His son Winston wrote about his early education[1]: "I thought he had finished the eighth grade but Bruce says Father told him it was the third grade and I believe him. (Per the 1940 US Census, Elmer B. Lloyd had completed 8th grade. Lloyd-391 15:56, 19 May 2014 (EDT)) The story goes that since he [Elmer] was the strongest boy in the class the teacher kept him busy with chores: i.e keeping the school heated. In Upper Michigan with a wood burning stove this would be a real work assignment. This was the late eighteen hundreds and winter in Michigan involved wood fired stoves, floors were meant to be swept and snow was designed to be shoveled and of course at that time children didn't usually get a lot of schooling. Since he wasn't learning he didn't like school and dropped out."

He began work early in life: "He told Bruce of working with his father as a lumberjack when he was young. He was young and eager and was busting his butt to make as much money as possible. His father was less motivated and did not work as hard and when Father realized this he was upset because they shared the money equally. That didn't help his relationship with his father any for after all being a leader of men does not make one a leader of his father.... Later he was the foreman of a dynamite crew, a position that he earned by fighting the current foreman for the position. The team was dredging for the locks that were being built in Sault Ste Marie, Ontario on the St Mary's River which drains Lake Superior into Lake Huron and he was making more money than his father. He left home because of the friction that his higher pay grade caused. I believe he was 15 at that time. He was too young to be a dynamite foreman so he and one of his crew traded paychecks."[1]

Elmer Bruce Lloyd registered for the draft in Chippewa, Michigan. He enlisted in the Navy 18 January 1918, where he was quickly promoted to Naval Chief. As an airplane mechanic, his full title was Aviation Chief Machinists Mate. He served in that capacity until c. 1947, when he retired, reluctantly, due to his health. He served on the battleship USS Idaho and on the aircraft carrier USS Ranger, in addition to other ships. At one point in his career, according to Winston, who has not only recorded this in his autobiography, but shared it verbally with friends and family members on many occasions, the members of the squadron who served with him held a vote to determine whether his nickname would be “Big Bad Wolf” or “The Bull of the Woods.” The second term was chosen, and his friends and shipmates usually just called him Bull.

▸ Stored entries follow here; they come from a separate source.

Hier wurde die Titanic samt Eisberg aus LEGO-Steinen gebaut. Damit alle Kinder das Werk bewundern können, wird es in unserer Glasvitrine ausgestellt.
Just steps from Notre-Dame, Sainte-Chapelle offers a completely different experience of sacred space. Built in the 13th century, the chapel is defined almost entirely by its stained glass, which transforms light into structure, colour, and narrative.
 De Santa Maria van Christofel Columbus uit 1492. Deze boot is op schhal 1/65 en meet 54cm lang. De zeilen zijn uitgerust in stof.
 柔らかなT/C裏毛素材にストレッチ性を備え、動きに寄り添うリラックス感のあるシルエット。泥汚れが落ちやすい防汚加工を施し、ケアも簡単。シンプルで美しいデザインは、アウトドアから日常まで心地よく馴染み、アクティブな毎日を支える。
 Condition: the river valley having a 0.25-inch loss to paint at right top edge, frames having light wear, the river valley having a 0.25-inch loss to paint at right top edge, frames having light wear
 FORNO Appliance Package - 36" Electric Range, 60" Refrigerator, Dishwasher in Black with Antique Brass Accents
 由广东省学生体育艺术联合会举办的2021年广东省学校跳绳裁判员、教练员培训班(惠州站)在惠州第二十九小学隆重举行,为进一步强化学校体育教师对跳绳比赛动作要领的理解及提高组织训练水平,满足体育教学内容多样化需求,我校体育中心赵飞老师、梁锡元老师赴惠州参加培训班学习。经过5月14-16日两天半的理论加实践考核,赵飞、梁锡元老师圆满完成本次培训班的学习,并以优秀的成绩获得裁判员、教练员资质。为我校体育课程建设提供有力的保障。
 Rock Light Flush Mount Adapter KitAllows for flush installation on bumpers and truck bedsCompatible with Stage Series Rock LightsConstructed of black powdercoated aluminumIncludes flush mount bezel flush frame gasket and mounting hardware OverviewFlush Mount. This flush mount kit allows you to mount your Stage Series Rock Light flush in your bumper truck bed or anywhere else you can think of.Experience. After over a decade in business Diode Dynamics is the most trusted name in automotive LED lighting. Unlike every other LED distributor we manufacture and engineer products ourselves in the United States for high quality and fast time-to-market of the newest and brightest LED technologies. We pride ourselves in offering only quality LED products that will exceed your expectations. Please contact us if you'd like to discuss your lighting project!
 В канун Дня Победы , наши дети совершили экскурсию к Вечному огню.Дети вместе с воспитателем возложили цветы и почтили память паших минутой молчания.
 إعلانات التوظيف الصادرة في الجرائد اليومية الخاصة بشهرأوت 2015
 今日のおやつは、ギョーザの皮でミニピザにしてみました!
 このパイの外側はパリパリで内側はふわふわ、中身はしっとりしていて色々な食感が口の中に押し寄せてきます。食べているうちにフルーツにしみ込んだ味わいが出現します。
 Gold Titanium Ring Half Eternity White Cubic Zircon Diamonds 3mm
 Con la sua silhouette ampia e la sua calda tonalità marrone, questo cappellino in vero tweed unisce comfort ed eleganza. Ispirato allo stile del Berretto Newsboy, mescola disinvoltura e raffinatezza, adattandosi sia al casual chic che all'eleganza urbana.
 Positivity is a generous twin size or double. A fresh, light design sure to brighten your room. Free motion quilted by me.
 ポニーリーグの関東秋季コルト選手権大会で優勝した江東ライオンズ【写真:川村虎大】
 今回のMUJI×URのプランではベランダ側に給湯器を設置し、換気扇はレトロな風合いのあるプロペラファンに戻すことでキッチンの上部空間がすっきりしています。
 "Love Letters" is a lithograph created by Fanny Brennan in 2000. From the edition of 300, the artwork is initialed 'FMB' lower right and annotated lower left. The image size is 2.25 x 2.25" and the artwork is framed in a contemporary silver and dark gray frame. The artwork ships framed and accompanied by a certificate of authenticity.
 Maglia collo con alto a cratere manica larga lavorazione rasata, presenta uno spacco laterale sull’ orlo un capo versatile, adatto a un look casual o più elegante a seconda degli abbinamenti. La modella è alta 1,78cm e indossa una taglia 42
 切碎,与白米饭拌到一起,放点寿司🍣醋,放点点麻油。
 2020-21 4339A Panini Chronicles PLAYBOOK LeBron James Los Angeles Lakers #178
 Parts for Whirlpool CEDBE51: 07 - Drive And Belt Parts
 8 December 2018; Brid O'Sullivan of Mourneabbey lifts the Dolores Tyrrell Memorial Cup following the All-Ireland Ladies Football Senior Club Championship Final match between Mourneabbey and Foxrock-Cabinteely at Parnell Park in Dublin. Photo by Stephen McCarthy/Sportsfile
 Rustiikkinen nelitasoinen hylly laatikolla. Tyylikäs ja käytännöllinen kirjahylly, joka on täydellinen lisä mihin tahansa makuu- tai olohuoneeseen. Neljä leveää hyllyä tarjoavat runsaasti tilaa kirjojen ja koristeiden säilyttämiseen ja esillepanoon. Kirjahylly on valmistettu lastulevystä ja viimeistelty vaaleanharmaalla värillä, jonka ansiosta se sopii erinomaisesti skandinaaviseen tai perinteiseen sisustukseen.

Elmer Bruce Lloyd married Inez (Sissy) Minerva Herrington 7 July 1922 in Pensacola, Florida[2] and they had three children, a girl and two boys. To the best of my memory, Sissy always referred to him as Lloyd[3].

Elmer Bruce Lloyd and His Children

Elmer Bruce Lloyd liked to make things. Some of the objects still in the family include wooden rattles with sliding parts, which had been carved from a single piece of wood[4]; miniature brass tools[5]; table lamps made from shell casings[6]; and a floor lamp made from an airplane propeller[7].

His son, Winston, wrote about him: "He was quite intelligent, quite strong and knew how to use his strength and he knew how to use his intelligence to multiply his strength (he knew where to put the fulcrum when he moved the earth). He knew how almost anything worked as well as how it had been made. The best part was that he could and did explain these things to us kids. He read widely and would certainly be considered self educated today. I am not sure that he ever appreciated just how intelligent he really was. He was a natural leader and he knew how to get others to follow him."[1]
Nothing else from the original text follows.